--- Records for the task Enclosed Below ---

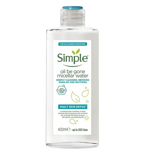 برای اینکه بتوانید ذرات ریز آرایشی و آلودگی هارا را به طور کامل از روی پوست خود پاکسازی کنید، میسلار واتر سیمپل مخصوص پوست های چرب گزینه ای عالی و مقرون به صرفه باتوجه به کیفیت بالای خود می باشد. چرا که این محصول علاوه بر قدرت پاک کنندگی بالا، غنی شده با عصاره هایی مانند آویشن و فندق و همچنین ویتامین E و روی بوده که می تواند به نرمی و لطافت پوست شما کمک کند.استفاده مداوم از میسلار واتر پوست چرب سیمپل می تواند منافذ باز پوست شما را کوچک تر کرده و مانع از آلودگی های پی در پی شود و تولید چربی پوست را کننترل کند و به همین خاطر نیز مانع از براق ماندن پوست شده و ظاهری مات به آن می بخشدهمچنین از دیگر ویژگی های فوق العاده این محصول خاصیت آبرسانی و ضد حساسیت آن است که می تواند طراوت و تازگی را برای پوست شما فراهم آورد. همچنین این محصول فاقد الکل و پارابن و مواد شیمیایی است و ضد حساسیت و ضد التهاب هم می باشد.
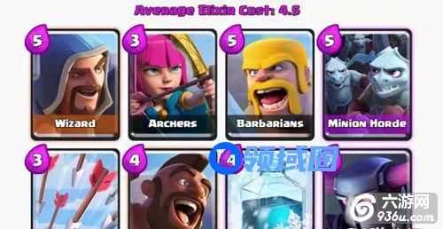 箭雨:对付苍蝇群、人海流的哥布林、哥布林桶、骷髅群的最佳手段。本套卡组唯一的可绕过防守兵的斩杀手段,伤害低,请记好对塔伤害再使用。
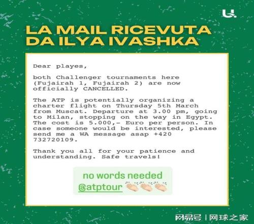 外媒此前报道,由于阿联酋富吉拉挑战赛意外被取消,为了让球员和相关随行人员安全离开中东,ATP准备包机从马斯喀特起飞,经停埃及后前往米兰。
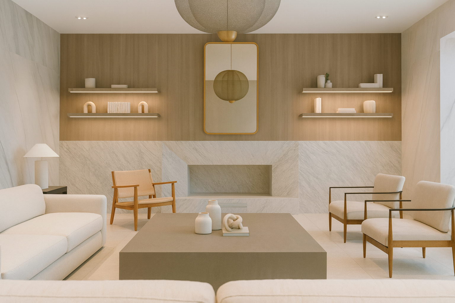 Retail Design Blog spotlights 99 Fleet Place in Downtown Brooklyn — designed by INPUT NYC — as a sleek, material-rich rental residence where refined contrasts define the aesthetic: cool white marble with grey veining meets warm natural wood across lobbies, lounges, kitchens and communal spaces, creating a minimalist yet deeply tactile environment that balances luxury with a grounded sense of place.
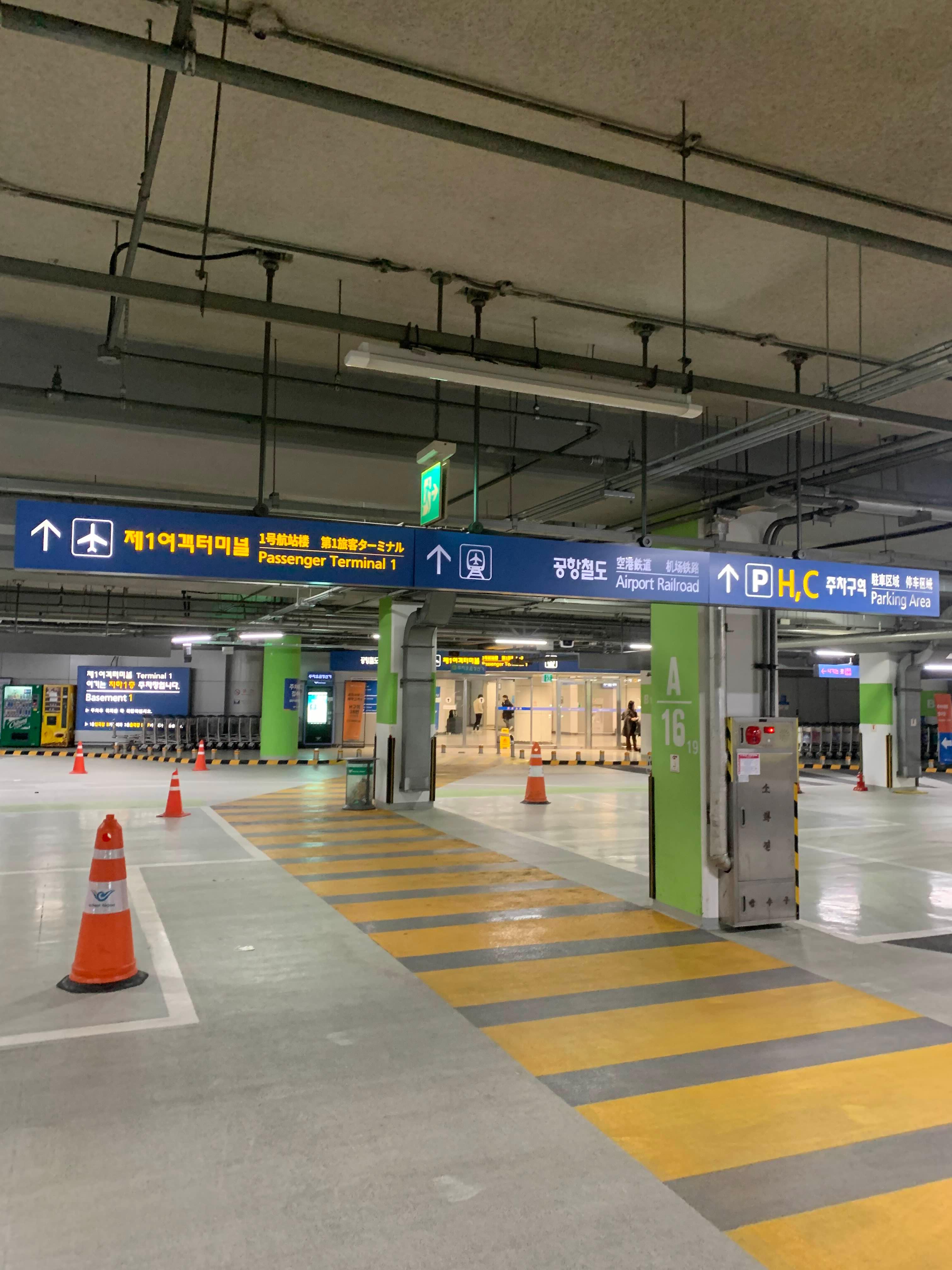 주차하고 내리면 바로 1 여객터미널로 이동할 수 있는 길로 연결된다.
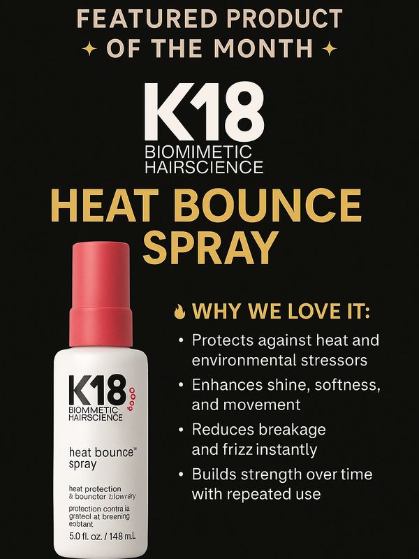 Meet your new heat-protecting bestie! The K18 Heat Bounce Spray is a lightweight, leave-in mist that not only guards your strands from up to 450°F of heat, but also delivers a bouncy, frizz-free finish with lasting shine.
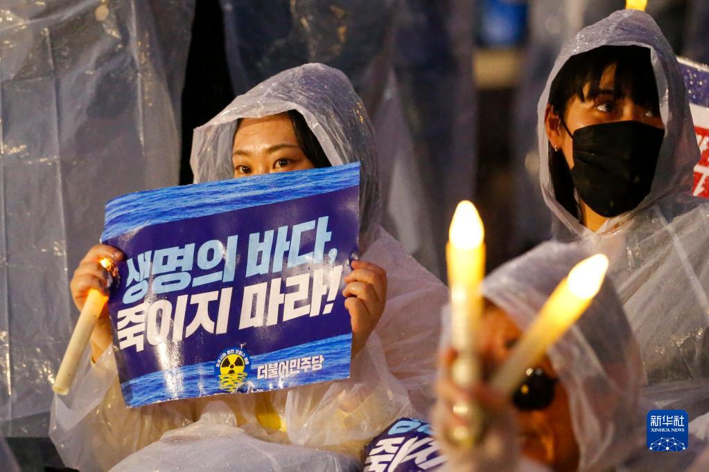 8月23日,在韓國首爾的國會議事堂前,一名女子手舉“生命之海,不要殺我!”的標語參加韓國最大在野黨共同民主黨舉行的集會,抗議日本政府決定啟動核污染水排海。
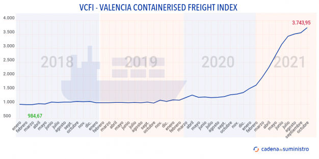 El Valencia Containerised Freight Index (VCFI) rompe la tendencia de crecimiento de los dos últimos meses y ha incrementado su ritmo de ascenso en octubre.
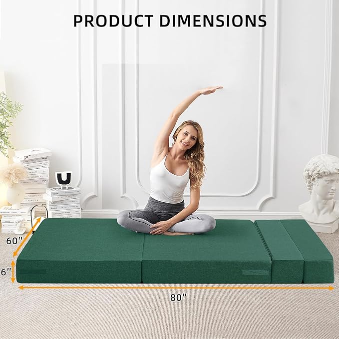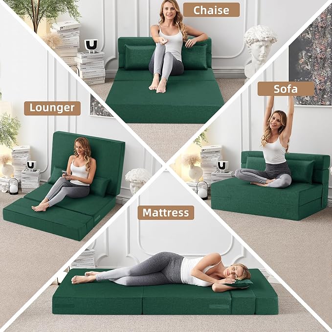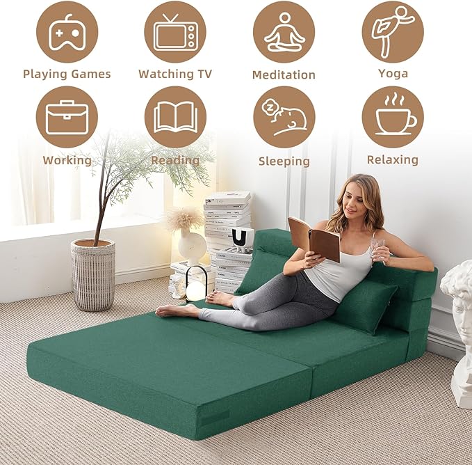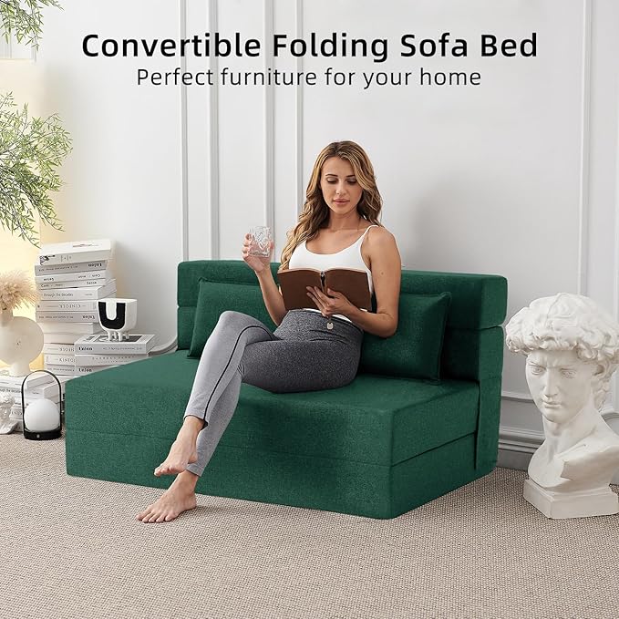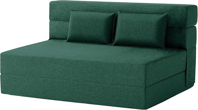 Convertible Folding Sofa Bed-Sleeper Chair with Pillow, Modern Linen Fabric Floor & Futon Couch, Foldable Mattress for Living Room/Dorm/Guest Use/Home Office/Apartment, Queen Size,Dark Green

--- End of Enclosed Records for the task ---

__Prompt__: Please reproduce nothing but the lines from the one containing "Retail Design Blog" through the closing line of the listing, retyped word for word, pictures excluded.

__Answer space__:
 Retail Design Blog spotlights 99 Fleet Place in Downtown Brooklyn — designed by INPUT NYC — as a sleek, material-rich rental residence where refined contrasts define the aesthetic: cool white marble with grey veining meets warm natural wood across lobbies, lounges, kitchens and communal spaces, creating a minimalist yet deeply tactile environment that balances luxury with a grounded sense of place.
 주차하고 내리면 바로 1 여객터미널로 이동할 수 있는 길로 연결된다.
 Meet your new heat-protecting bestie! The K18 Heat Bounce Spray is a lightweight, leave-in mist that not only guards your strands from up to 450°F of heat, but also delivers a bouncy, frizz-free finish with lasting shine.
 8月23日,在韓國首爾的國會議事堂前,一名女子手舉“生命之海,不要殺我!”的標語參加韓國最大在野黨共同民主黨舉行的集會,抗議日本政府決定啟動核污染水排海。
 El Valencia Containerised Freight Index (VCFI) rompe la tendencia de crecimiento de los dos últimos meses y ha incrementado su ritmo de ascenso en octubre.
 Convertible Folding Sofa Bed-Sleeper Chair with Pillow, Modern Linen Fabric Floor & Futon Couch, Foldable Mattress for Living Room/Dorm/Guest Use/Home Office/Apartment, Queen Size,Dark Green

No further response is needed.